I often take columns from the SacBee's resident curmudgeon Dan Walters -- who skewers politicians of all ideological stripes with equal and unrestrained cynicism -- with a heaping teaspoon of salt.

That said, when he's right, he's right. And he's right about this:

"Government worked better four decades ago because California was a simpler, more homogeneous place then with more clearly definable priorities. A governmental/political process that requires consensus cannot function effectively when the society it serves has become the most complex on Earth and no longer can muster consensus on any issue..."

Those who think terms limits or redistricting reform or budget reform or any other sort of fiddling at the margins is going to solve California's governance problems are kidding themselves. The state has in actual fact become, through no fault of anyone in particular's, virtually ungovernable.

There are simply too many people with too many different opinions of the direction the state should take on any given issue, and this reality is not just a prescription for but a near-guarantee of political stalemate and paralysis.
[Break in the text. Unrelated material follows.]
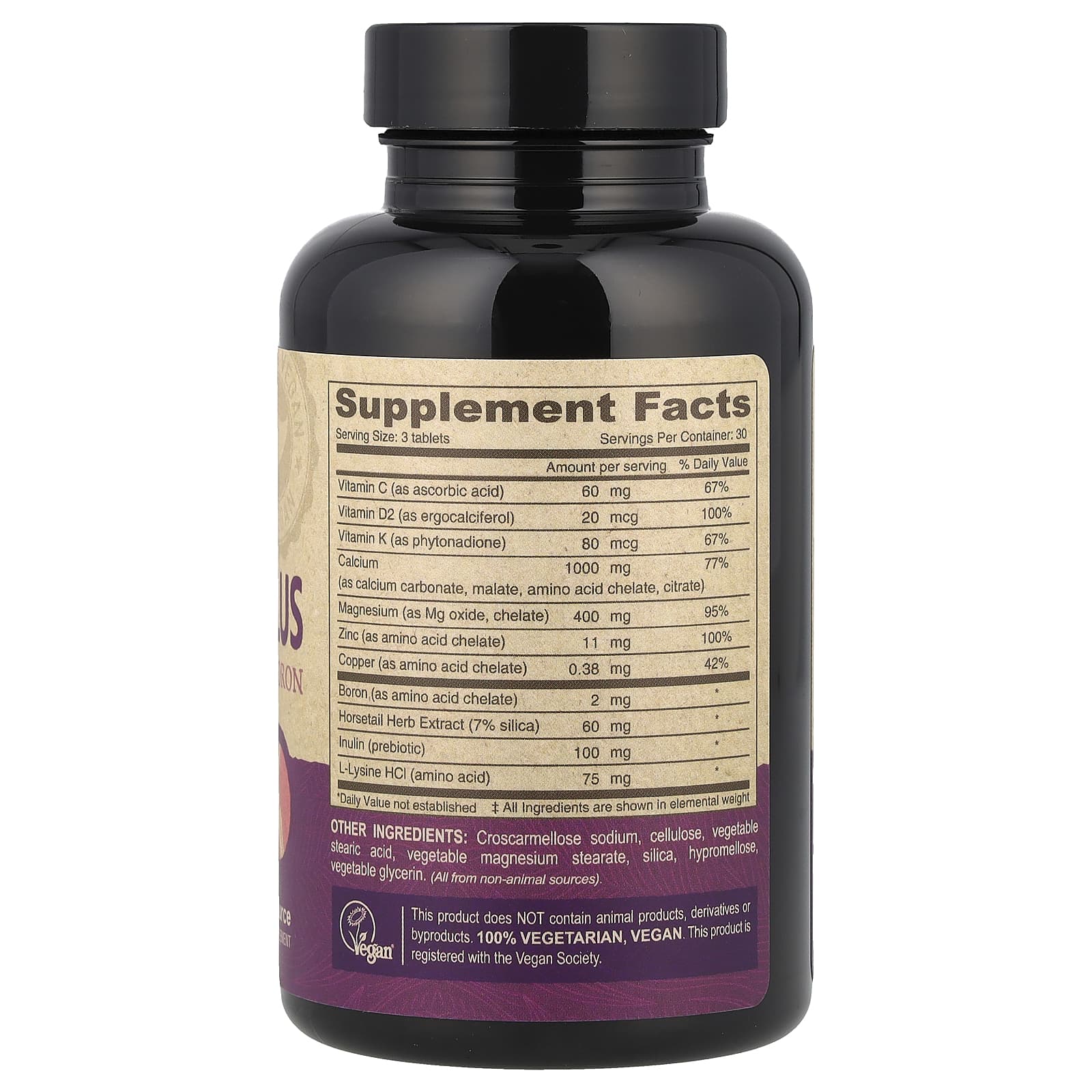 | Boron | 2 mg (as amino acid chelate) | missing substance or information* | missing substance or information* | missing substance or information* |

In that sense our Legislature really has evolved into a microcosm of the U.S. Congress; the ideological divide between the Right and the Left is so huge that you are sometimes left to wonder how meaningful conversation between the two is even possible.

Former Assemblyman Stan Statham's proposal for splitting California into three separate states might have seemed like a crackpot idea at the time, but it's looking better every day now.

Tuesday, December 04, 2007

Dept. of Some People Never Learn

The Great Prince Fan Site Rebellion of 2007 rages on, now generating coverage from the New York Times (that's prince.org webmaster Ben Margolin in the Times picture at right). By now the Purple One is surely seeing red, having ignored the most important maxim of the last 150 years: never pick a fight with people who buy ink by the barrel (or bandwidth by the terabyte).